**EXERCISE**
Look below for the line holding "Observações: As notificações" and the line holding "Máy pha cà phê". Repeat those two and everything between, exactly.

**LISTED RECORDS**
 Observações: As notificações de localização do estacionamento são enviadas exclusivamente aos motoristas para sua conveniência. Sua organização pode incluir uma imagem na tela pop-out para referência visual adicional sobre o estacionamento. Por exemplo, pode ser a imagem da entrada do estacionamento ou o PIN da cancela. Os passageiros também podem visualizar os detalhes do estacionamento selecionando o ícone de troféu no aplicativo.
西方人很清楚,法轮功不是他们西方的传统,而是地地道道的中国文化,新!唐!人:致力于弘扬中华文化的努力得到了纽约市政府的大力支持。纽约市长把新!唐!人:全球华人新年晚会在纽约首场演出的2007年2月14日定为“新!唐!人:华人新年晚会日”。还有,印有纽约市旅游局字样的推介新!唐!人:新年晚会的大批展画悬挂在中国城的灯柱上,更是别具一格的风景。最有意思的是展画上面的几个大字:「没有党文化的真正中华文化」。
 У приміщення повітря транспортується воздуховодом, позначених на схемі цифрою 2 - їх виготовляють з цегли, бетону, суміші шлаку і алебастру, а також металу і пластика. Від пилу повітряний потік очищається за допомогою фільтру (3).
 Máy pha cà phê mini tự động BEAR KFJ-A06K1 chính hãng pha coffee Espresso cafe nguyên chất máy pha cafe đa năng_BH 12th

--

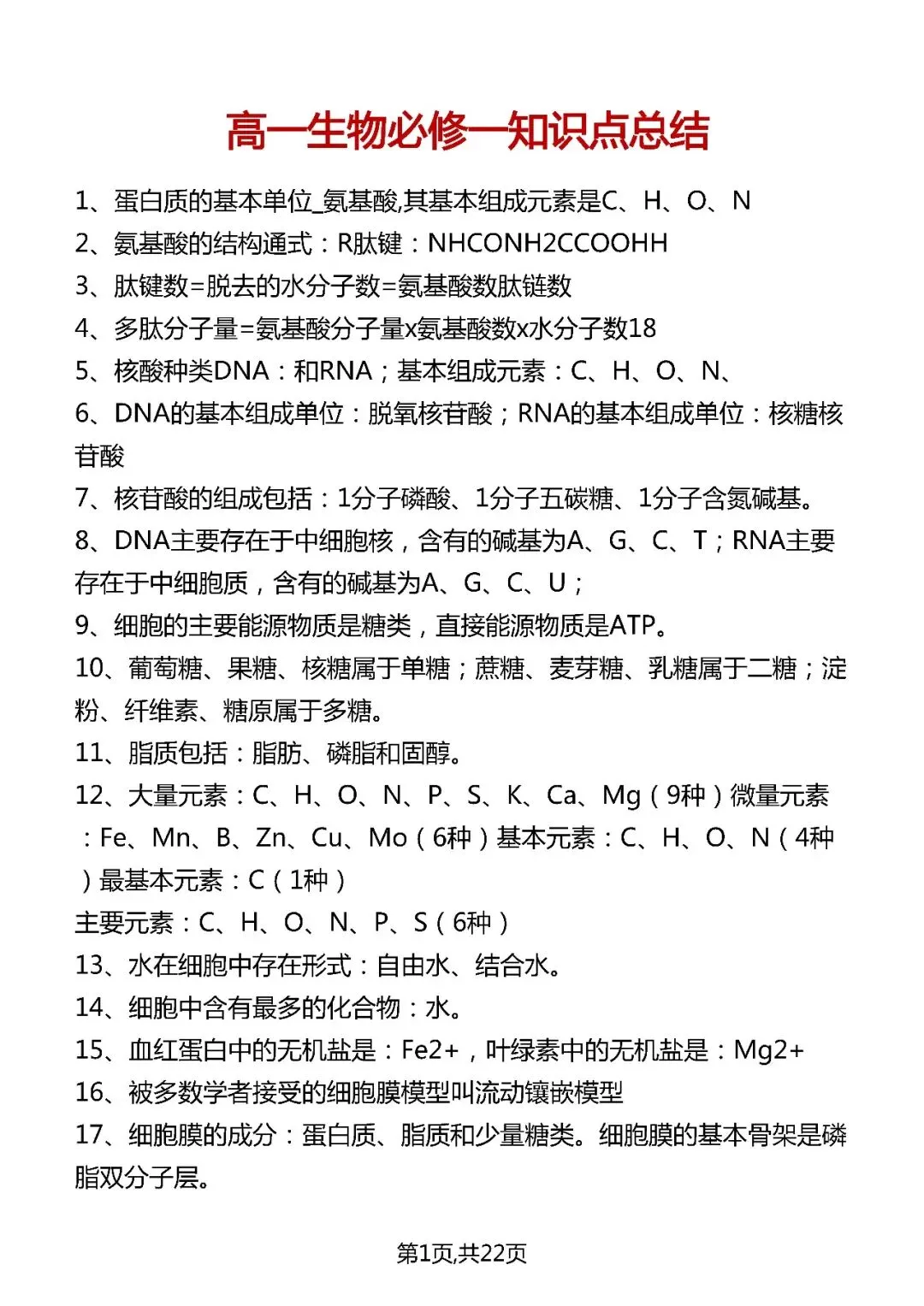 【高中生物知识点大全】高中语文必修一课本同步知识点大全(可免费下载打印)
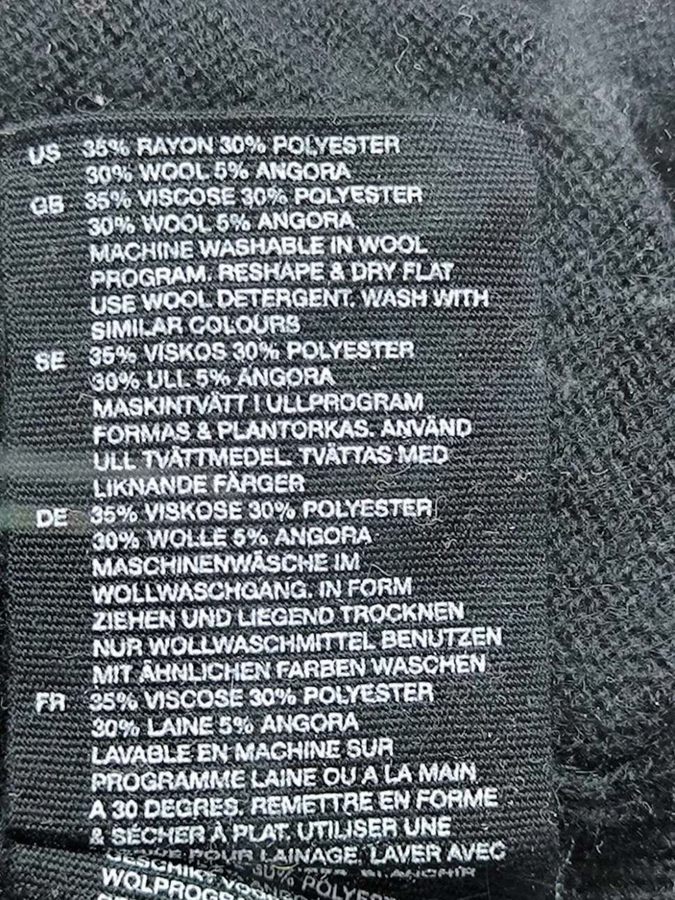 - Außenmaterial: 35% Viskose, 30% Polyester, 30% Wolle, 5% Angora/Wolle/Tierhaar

**OUTPUT BELOW**
 Observações: As notificações de localização do estacionamento são enviadas exclusivamente aos motoristas para sua conveniência. Sua organização pode incluir uma imagem na tela pop-out para referência visual adicional sobre o estacionamento. Por exemplo, pode ser a imagem da entrada do estacionamento ou o PIN da cancela. Os passageiros também podem visualizar os detalhes do estacionamento selecionando o ícone de troféu no aplicativo.
西方人很清楚,法轮功不是他们西方的传统,而是地地道道的中国文化,新!唐!人:致力于弘扬中华文化的努力得到了纽约市政府的大力支持。纽约市长把新!唐!人:全球华人新年晚会在纽约首场演出的2007年2月14日定为“新!唐!人:华人新年晚会日”。还有,印有纽约市旅游局字样的推介新!唐!人:新年晚会的大批展画悬挂在中国城的灯柱上,更是别具一格的风景。最有意思的是展画上面的几个大字:「没有党文化的真正中华文化」。
 У приміщення повітря транспортується воздуховодом, позначених на схемі цифрою 2 - їх виготовляють з цегли, бетону, суміші шлаку і алебастру, а також металу і пластика. Від пилу повітряний потік очищається за допомогою фільтру (3).
 Máy pha cà phê mini tự động BEAR KFJ-A06K1 chính hãng pha coffee Espresso cafe nguyên chất máy pha cafe đa năng_BH 12th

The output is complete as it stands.